_Problem to work on_
Would you copy out the following entries exactly, without any of the pictures?

_Extracted data entries_
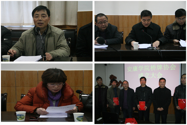 会上,安康市疾控中心党委书记、市桥协副主席陈晓鸣宣读了《安康市桥牌协会关于成立WILLIAMHILL在线体育投注桥牌协会的批复》。大会审议并通过了《WILLIAMHILL在线体育投注桥牌协会章程(草案)》和协会领导班子建议名单。原安康师范专科公司董事长黄正修当选为协会名誉会长,体育系副主任鲁宗成当选为协会会长,教务处教学实践科科长龚晓松当选为秘书长,电子与信息工程系梁俊龙副教授当选为副秘书长。市桥协领导为公司桥协新当选的领导颁发了聘书。
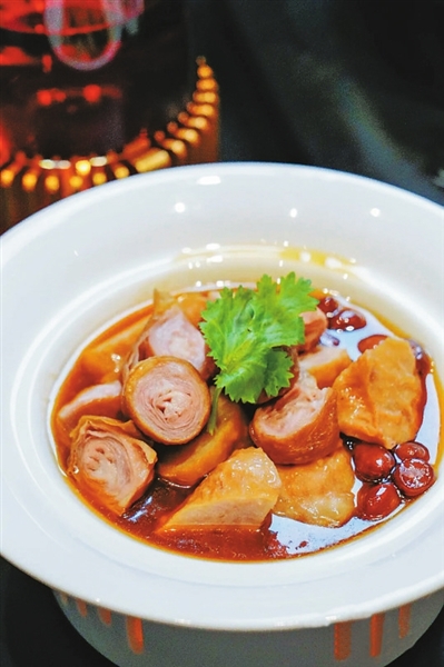 这是一道传统的闽南风味小吃,由拳头母(猪肉和肉筋制成的肉丸,形似拳头)和套肠(猪小肠层层套叠而成)组成,经卤水烹制后,风味浓郁,不油不腻。
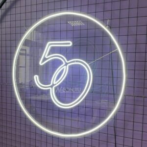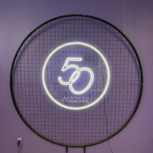 ???? أرقام نيون أنيقة “50” بدائرة — هذا عنصر ديكور راقي يضيف لمكانك ستايل وجو حلو. مناسبة كلش للاحتفالات، الحفلات الخاصة أو واجهات الكافيهات. التصميم الدائري يبين الأناقة والكمال مال التركيبة.
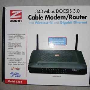Zoom modem router with 343 Mbps speed. Features Wireless-N and Gigabit Ethernet.
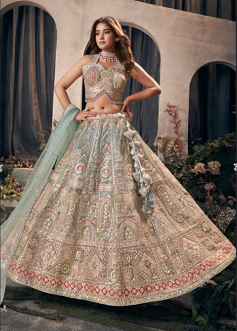 Colour : Lehenga :- Multi Colour || Blouse :- Multi Colour || Dupatta :- Aqua Blue
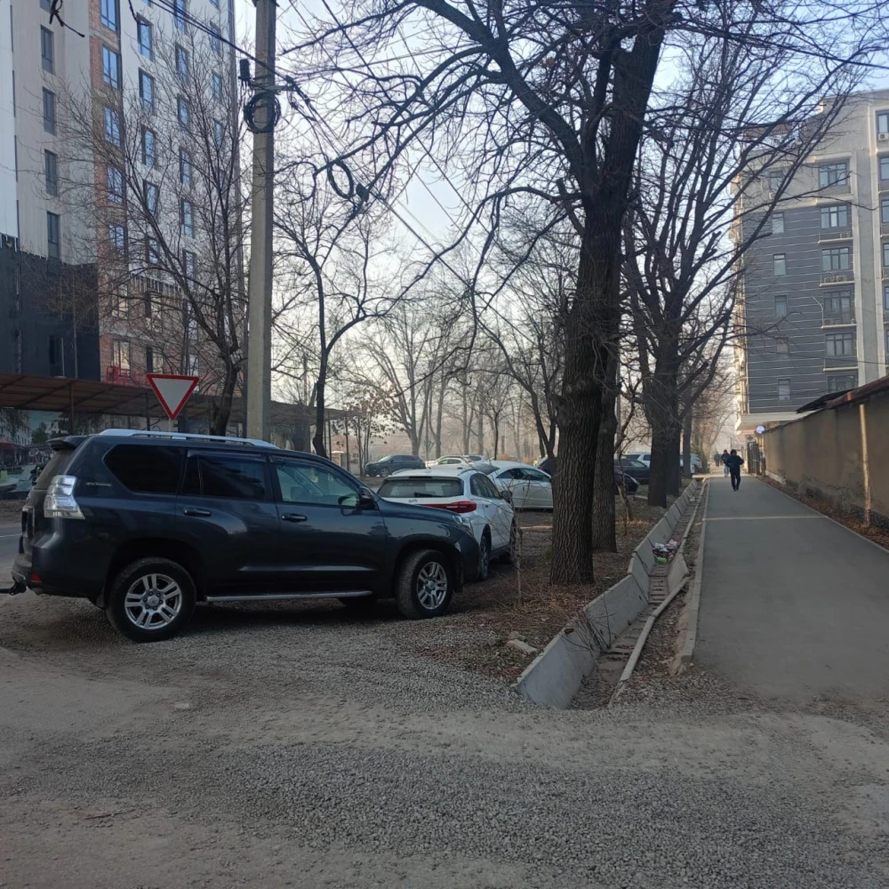 Стихийлуу токтотуучу жайлар жашыл аймактардын ордуна. Шаардыктар Айни көчөсүнө көңүл бурууну суранышты
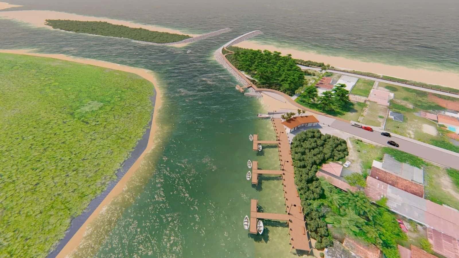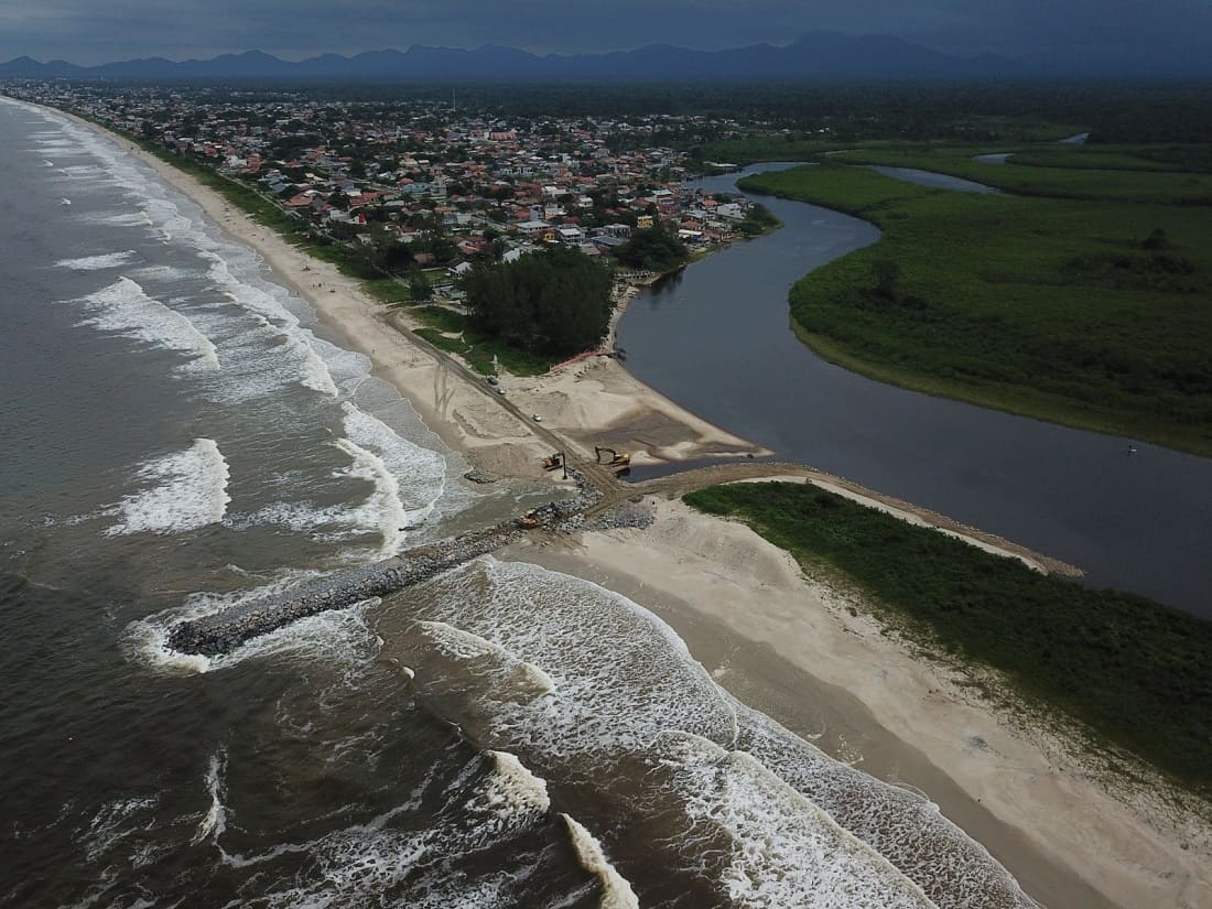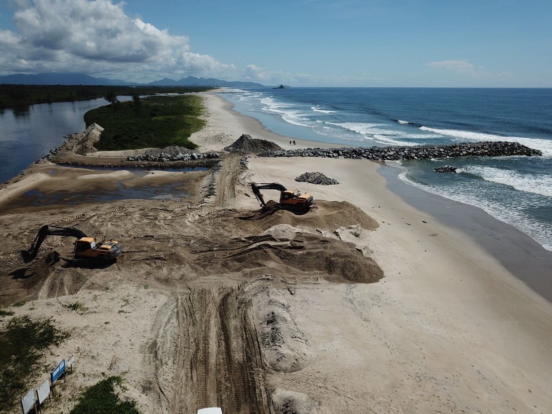 Iniciadas em maio de 2024, após licitação realizada no final de 2023, as obras têm como objetivo permitir a “travessia franca da barra e acesso ao mar e ao rio por embarcações, incrementando e oferecendo maior segurança à pesca artesanal e como apoio ao turismo na região”, conforme destaca a Prefeitura.

_Final answer_
 会上,安康市疾控中心党委书记、市桥协副主席陈晓鸣宣读了《安康市桥牌协会关于成立WILLIAMHILL在线体育投注桥牌协会的批复》。大会审议并通过了《WILLIAMHILL在线体育投注桥牌协会章程(草案)》和协会领导班子建议名单。原安康师范专科公司董事长黄正修当选为协会名誉会长,体育系副主任鲁宗成当选为协会会长,教务处教学实践科科长龚晓松当选为秘书长,电子与信息工程系梁俊龙副教授当选为副秘书长。市桥协领导为公司桥协新当选的领导颁发了聘书。
 这是一道传统的闽南风味小吃,由拳头母(猪肉和肉筋制成的肉丸,形似拳头)和套肠(猪小肠层层套叠而成)组成,经卤水烹制后,风味浓郁,不油不腻。
 ???? أرقام نيون أنيقة “50” بدائرة — هذا عنصر ديكور راقي يضيف لمكانك ستايل وجو حلو. مناسبة كلش للاحتفالات، الحفلات الخاصة أو واجهات الكافيهات. التصميم الدائري يبين الأناقة والكمال مال التركيبة.
Zoom modem router with 343 Mbps speed. Features Wireless-N and Gigabit Ethernet.
 Colour : Lehenga :- Multi Colour || Blouse :- Multi Colour || Dupatta :- Aqua Blue
 Стихийлуу токтотуучу жайлар жашыл аймактардын ордуна. Шаардыктар Айни көчөсүнө көңүл бурууну суранышты
 Iniciadas em maio de 2024, após licitação realizada no final de 2023, as obras têm como objetivo permitir a “travessia franca da barra e acesso ao mar e ao rio por embarcações, incrementando e oferecendo maior segurança à pesca artesanal e como apoio ao turismo na região”, conforme destaca a Prefeitura.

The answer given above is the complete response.